# Coherence Based Message Prediction for Optically Interconnected Chip Multiprocessors

Anouk Van Laer, Chamath Ellawala Muhammad Ridwan Madarbux, Philip M. Watts Dept. of Electronic and Electrical Engineering, University College London London, United Kingdom Email: anouk.vanlaer,chamath.ellawala,m.madarbux,philip.watts@ucl.ac.uk Timothy M. Jones Computer Laboratory University of Cambridge Cambridge, United Kingdom Email: timothy.jones@cl.cam.ac.uk

Abstract—Photonic networks on chip have been proposed to reduce latency and power consumption of on-chip communication in chip multiprocessors. However, in switched photonic networks, the path setup latency can create a high overhead, particularly for the short messages generated by shared memory chip multiprocessors (CMP). This has led to proposals for networks which avoid switching using all-to-all or single writer multiple reader (SWMR) networks which dramatically increase optical component counts and hence power consumption. In this work we propose a predictor which uses information from the coherence protocol and previously transmitted messages to predict future messages and hence hide the path setup latency by speculatively setup photonic paths. We show that a directly mapped predictor can achieve prediction hit rates of up to 85% for PARSEC benchmarks in a 16-core x86 system using the MESI coherence protocol whereas a more resource efficient set associative predictor can still achieve prediction rates up to 75%.

# I. INTRODUCTION

Due to the increasing number of cores per chip, networkson-chip (NoC) have replaced bus based communication in chip multiprocessors (CMPs). Electronic NoCs in existing CMPs consist of meshes [1] or pipelined crossbars [2] where messages travel the network hop-by-hop between electrical buffers. Photonic NoCs have been proposed to reduce the power consumption and ease thermal management issues of CMPs [3]-[7]. The absence of viable optical buffers requires end-to-end paths being setup before the actual communication can start, in contrast to the hop-by-hop approach used in the electronic NoCs. Contributions to the total message latency in a scheduled photonic switched network are shown in Figure 1 consisting of path setup latency, time of flight in the waveguide and serialization latency. The serialization latency can be reduced by increasing bit rate or modulating and switching the message in parallel on multiple wavelengths (wavelength striping) [3]. However, the overhead of the path setup phase can be significant, especially in shared memory CMPs where the majority of the messages are short coherence control messages. This has led to many photonic NoC proposals which avoid the path setup overhead by providing constant photonic paths between all possible source-destination pairs [5], [6]. The disadvantage of these non-switching NoCs lies in their high photonic component count, low bandwidth per node and the resulting high serialisation latency. In this



Fig. 1. Sources of latency in a scheduled photonic switch.

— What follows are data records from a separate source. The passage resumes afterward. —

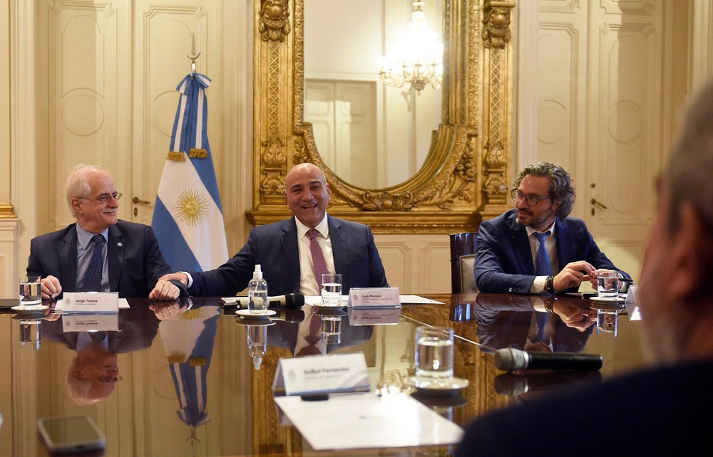 En el inicio, y a modo de demostrar que tienen el respaldo de Fernández, hablaron el ministro de Economía, Martín Guzmán; el de Desarrollo Productivo, Matías Kulfas; y el de Trabajo, Claudio Moroni.
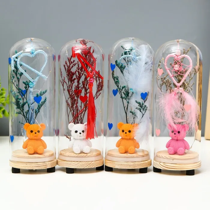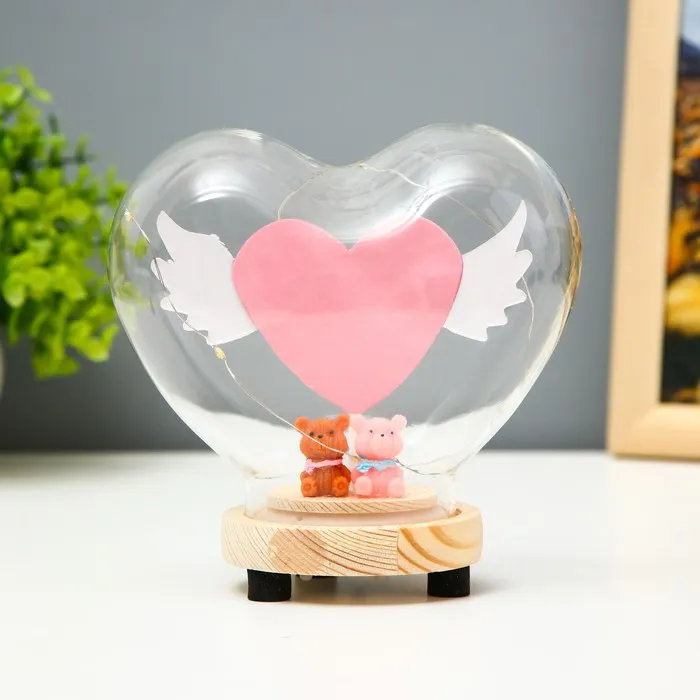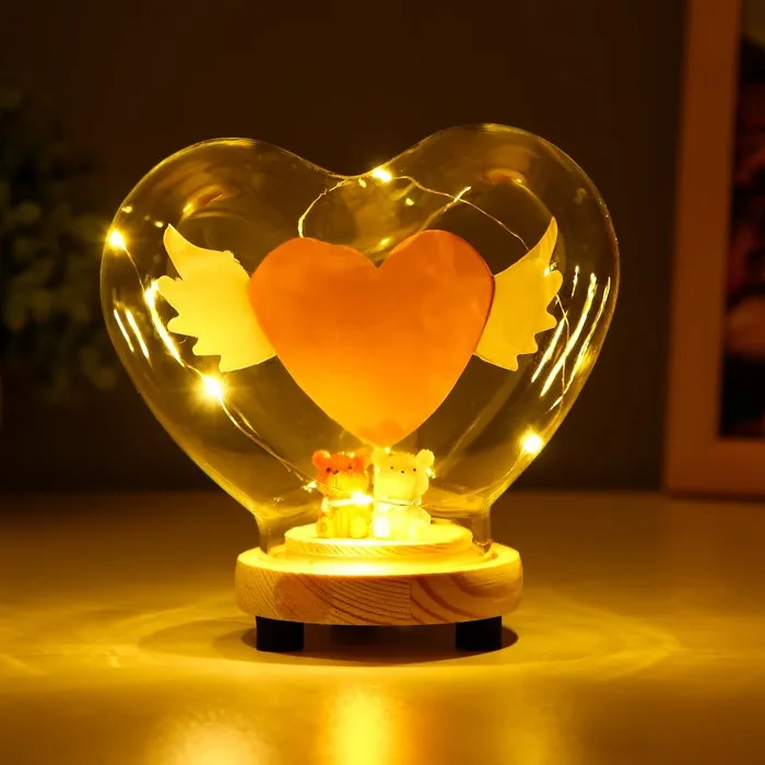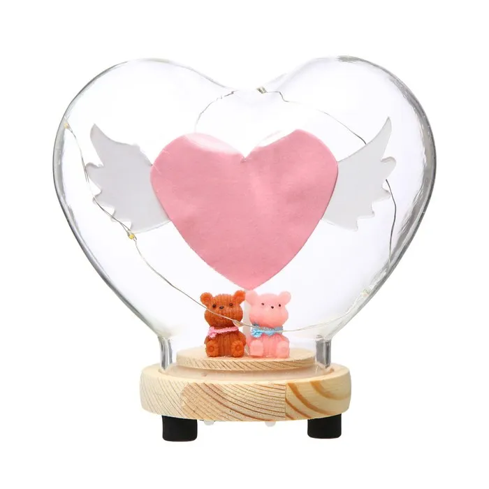 Фигурка в колбе RISALUX «Сердце цветное», LED-ночник, от батареек 3×LR44, 13×7.2×12 см — Характеристики
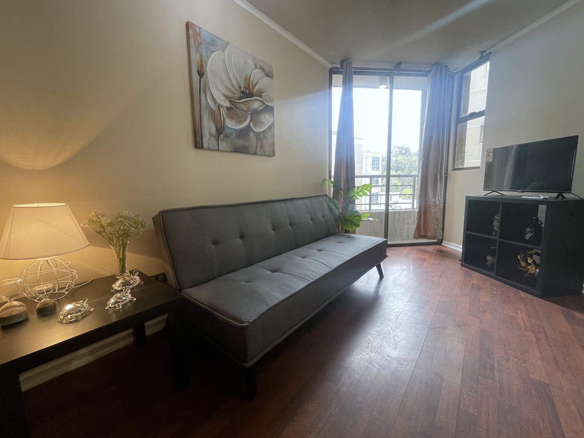 ** Excelente punto de partida para conocer la ciudad** Hola, soy Anita y te invito a hospedarte en un sector tranquilo y seguro, a pasos de exclusivos hoteles y los puntos más atractivos del sector como Plaza de Armas, Cerro Santa Lucía, Barrio Lastarria, museos, comercio y todas las atracciones imperdibles del casco antiguo. Cuenta con guardia 24 horas en control de acceso. Check in/out autónomo. Completamente equipado para disfrutar una maravillosa experiencia en Santiago.

work, we propose the use of a wavelength striped photonic switch with a coherence protocol-based predictor to start the path setup before the actual messages arrive at the network ingress, in effect hiding the path setup latency. In contrast to previous work [8], the predictor described here can also accelerate complex transactions involving three or more cores or main memory rather than purely simple request-response transactions.

## II. BACKGROUND

Various techniques have been proposed to avoid the path setup latency of photonic networks. Firstly, arbitration can be avoided by using a non-switched network. In [5] all-to-all connectivity is provided by a combination of space and wavelength routing. In the single writer, multiple reader scheme [6], every source gets dedicated wavelength to write to. While both proposals avoid arbitration, they have increased power consumption and optical component count which are further increased if additional wavelengths are used to reduce serialisation latency. Another possibility is the use of speculative transmission [3] in which messages are transmitted without securing a path beforehand. While this reduces the latency associated with arbitration, scheduling is still on the critical path and the network needs to handle dropped or reordered messages [9]. Various prediction schemes have been proposed to reduce the latency of memory requests in electronic NoCs. In [10], the need for cache-to-cache transfers is predicted based by combining the program counter and memory addresses.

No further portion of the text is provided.